Core concepts

Text-to-image

Text-to-image is the AI workflow where you type a written prompt and the model generates a brand-new image from it - no source image required.

Text-to-image (sometimes written "txt2img") is the most common way to use an AI image generator. You describe what you want in words and the model paints a fresh image that matches your description. Nothing is traced or copied from an existing picture - the result is synthesized from scratch.

How it works

Under the hood, a diffusion model starts from pure random noise and removes it step by step. A text encoder turns your prompt into numbers (an embedding) that steer each denoising step toward an image that fits your words. After a fixed number of steps, the noise has become a coherent picture.

How closely the result follows your wording is controlled by the CFG scale. The exact image you get for a given prompt depends on the random starting point, which is set by the seed - reuse a seed and you can reproduce the same image.

Why it matters

Text-to-image is what makes AI generators feel like magic: you go from an idea to a usable visual in seconds, with no drawing skill required.
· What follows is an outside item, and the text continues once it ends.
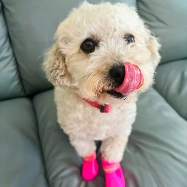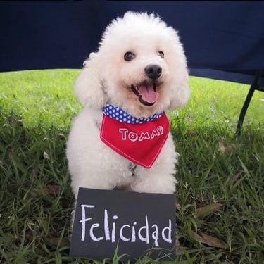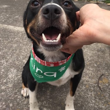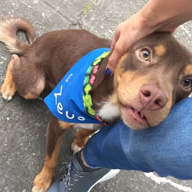 Love Puppies nació en 2018 mientras rescataba perritos y buscaba ayudarlos a encontrar un hogar. Creé dos bandanas con nombres grandes y llenos de color: Zeus y Kira. La idea era simple: que las personas no vieran solo un perrito más, sino que lo recordaran por su nombre.

Writing clear, specific prompts - subject, style, lighting, composition - is the single biggest lever on quality.

Example

A descriptive prompt that names the subject, style, lighting and framing gives the model far more to work with than a single word.

Example prompt

A cozy Scandinavian reading nook by a rain-streaked window, warm morning light, soft film grain, photorealistic, 35mm, shallow depth of field

Try it in the generator

Put text-to-image to work right now - free daily generations, commercial license included.

Start creating free

Frequently asked questions

What is the difference between text-to-image and img2img?

Text-to-image starts from random noise and builds a brand-new picture from your words alone. Img2img starts from an existing image and transforms it according to your prompt, keeping some of the original structure.